A campaign for a citywide community benefits policy in Chicago has shifted its focus since Shelterforce covered it in 2018. ONE Northside, a Chicago community group that fought for years with developers for community benefits at individual projects, spearheaded the campaign, hoping it would allow community members to have a seat at the negotiating table without fighting for it with each new development. The group has since transitioned that work to a campaign focused on strengthening Chicago’s inclusionary zoning policy, according to ONE’s Executive Director Jennifer Ritter.

That’s not a bad strategy, according to Gross, the Bay Area attorney and CBA expert.

Inclusionary zoning is one way to bring about the affordable housing component that many CBAs provide, without having to fight for it on a project-by-project basis, and without a citywide mandate for CBA negotiations. Other needs are best addressed on a community-wide basis as well, Gross says. Advocates could spend their time fighting for living wages at a particular development, for instance, or they could spend that time fighting to raise the minimum wage citywide. Such laws give tangible benefits to entire communities, without the resource-intensive CBA negotiating process.

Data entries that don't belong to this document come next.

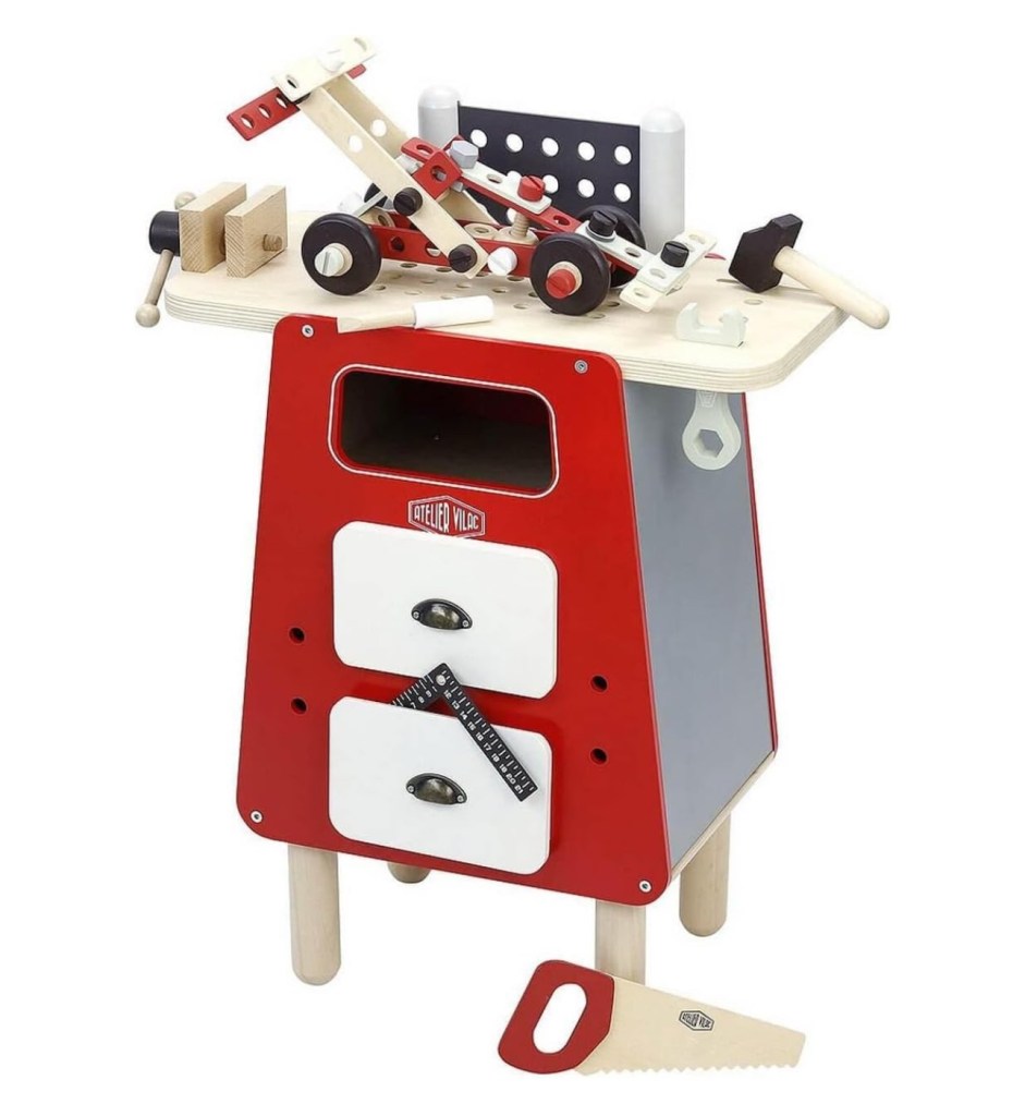 Cet établi en bois au look vintage de la marque Vilac ravira tous les petits bricolos qui pourront visser, tourner, scier, marteler, mesurer comme les grands avec les nombreux accessoires.
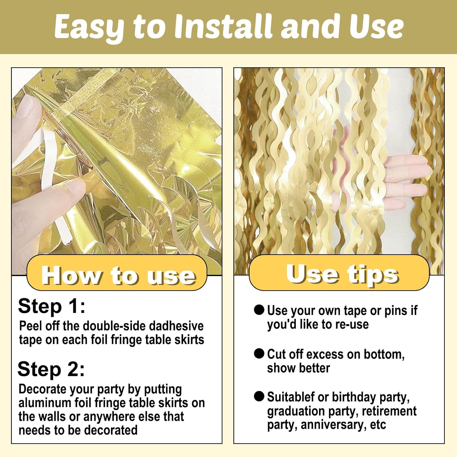 - Package Includes: 6pcs/set metallic fringe table skirts / shiny tassel banner, beautiful and shiny, provide you with great decoration effects, Each pack of table skirt measures 29x108 inches. Each one will be 9 Ft long, 6 pack will cover 54 FT length of tables.
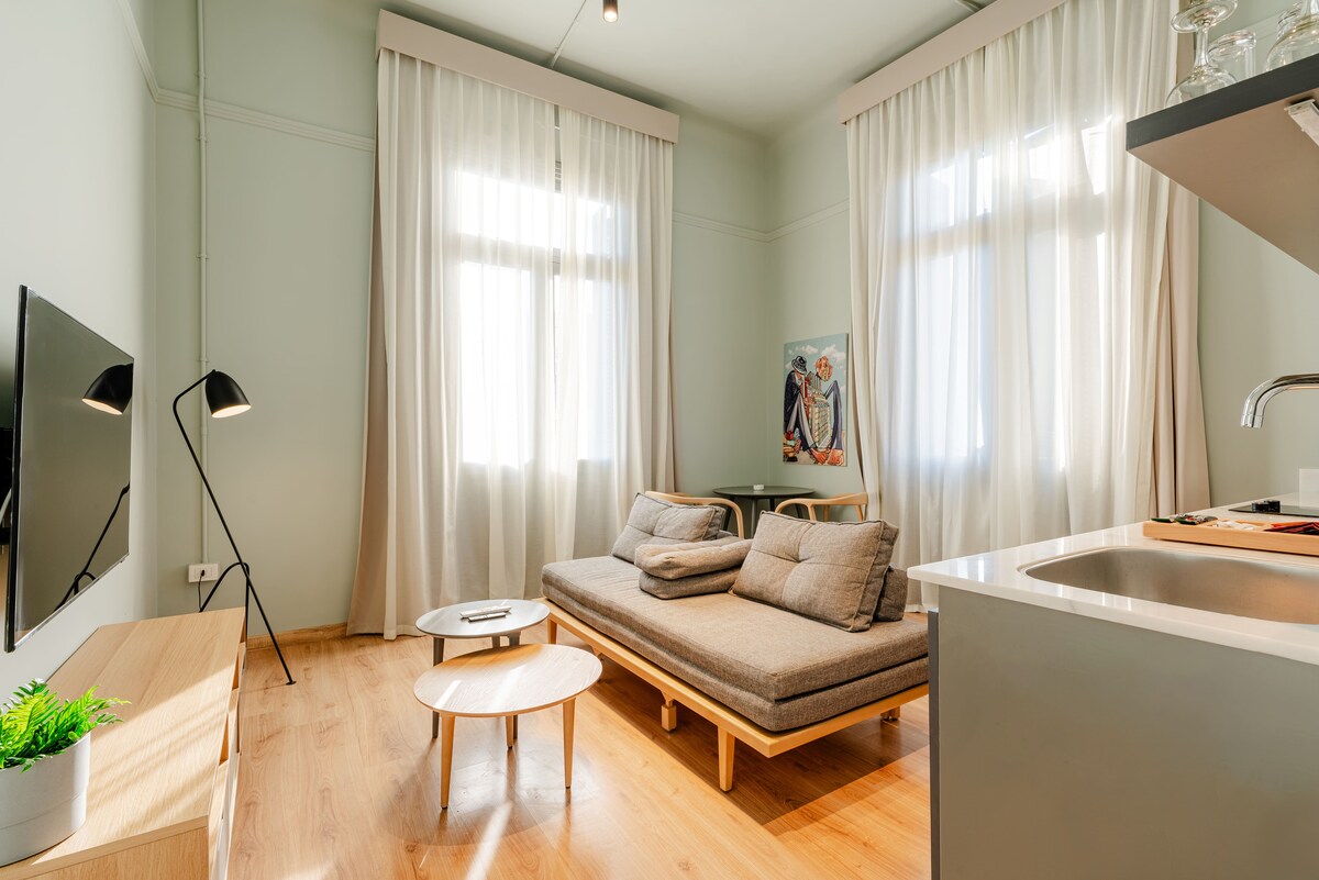 完璧なシティステイへようこそ。快適なキングサイズのベッドと快適なリビングエリアを備えた、居心地の良い清潔で考え抜かれたデザインのワンルームアパートです。 このスタジオは魅力的な博物館とレバノン大使館を見渡すことができ、歴史的な建築物の静かで絵のように美しい景色を楽しめます。 外に出ると、街が誇る最高のレストラン、カフェ、地元のスポットに囲まれた賑やかな通りの中心部にあります。すべて徒歩圏内です。
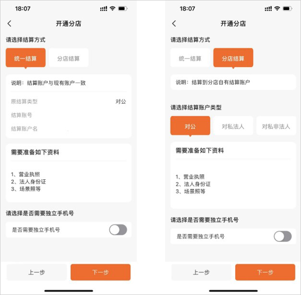 Tips:分店结算方式有统一结算和分店结算。总店结算方式为对公结算时,才能选择统一结算;分店结算可结算到分店对公、对私法人和对私非法人账户。
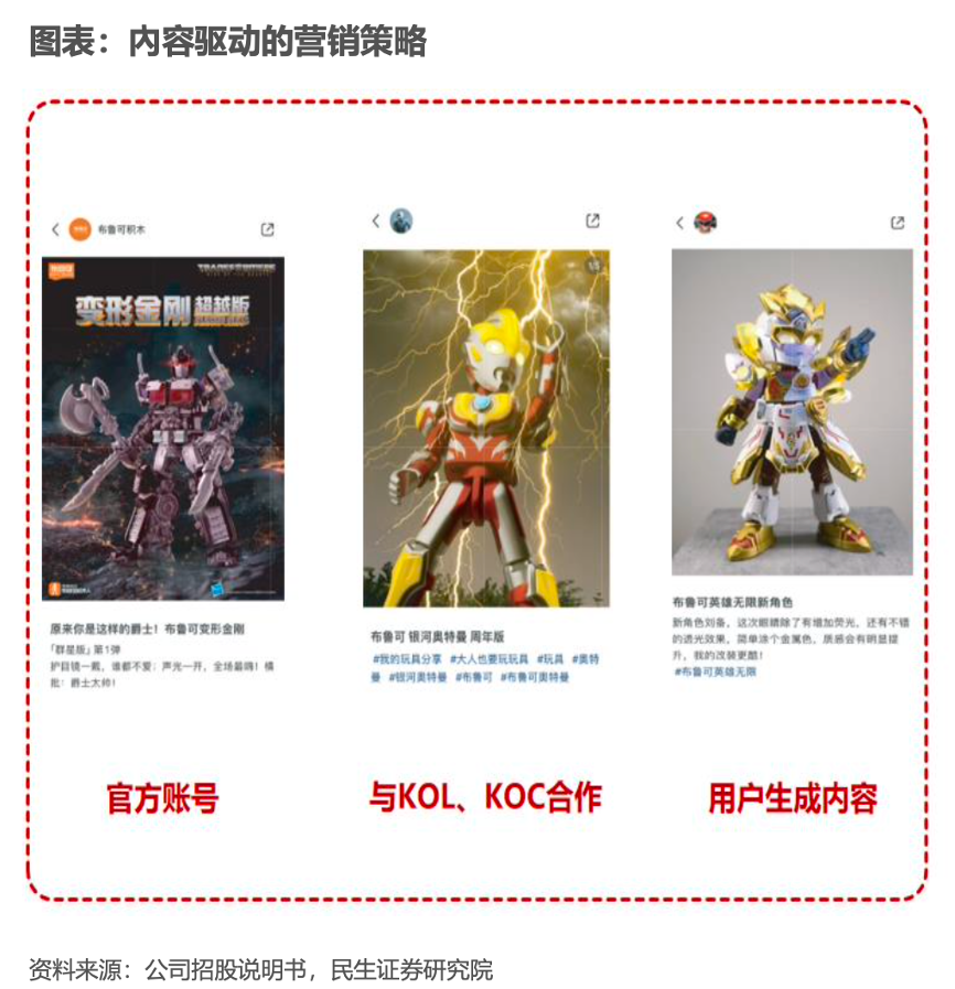 經典案例:根據公司招股說明書、民生證券研究院等綜合資訊表明,布魯可使用多重傳播渠道,如公司官方賬號及社交媒體平臺上的 KOL、KOC、粉絲及BFC賬號。玩具愛好者積極創作并分享視頻和帖子,這些內容在社交媒體平臺上獲得了數以百萬計的播放量。在2023及2024年內與布魯可合作的KOL 和KOC在2024年3月31日擁有全網粉絲數約1.60億。

Still, individual CBAs remain important tools for addressing the acute, immediate needs of residents impacted by major developments. Twenty years after the Staples Center agreement, Gross sees the future of CBAs as one tool among many for equitable development, alongside good generally applicable laws that support job training, affordable housing, and livable wages, as well as robust, community-led land-use processes.

“If you really have all that in place, when a big project comes along, you wouldn’t be looking at that project to be a leader on these issues that really are systemic,” says Gross. Instead, “the community would look at that project and ask, what is really, specifically needed?”

Alex Williamson is a Brooklyn-based reporter covering housing, health, and inequality.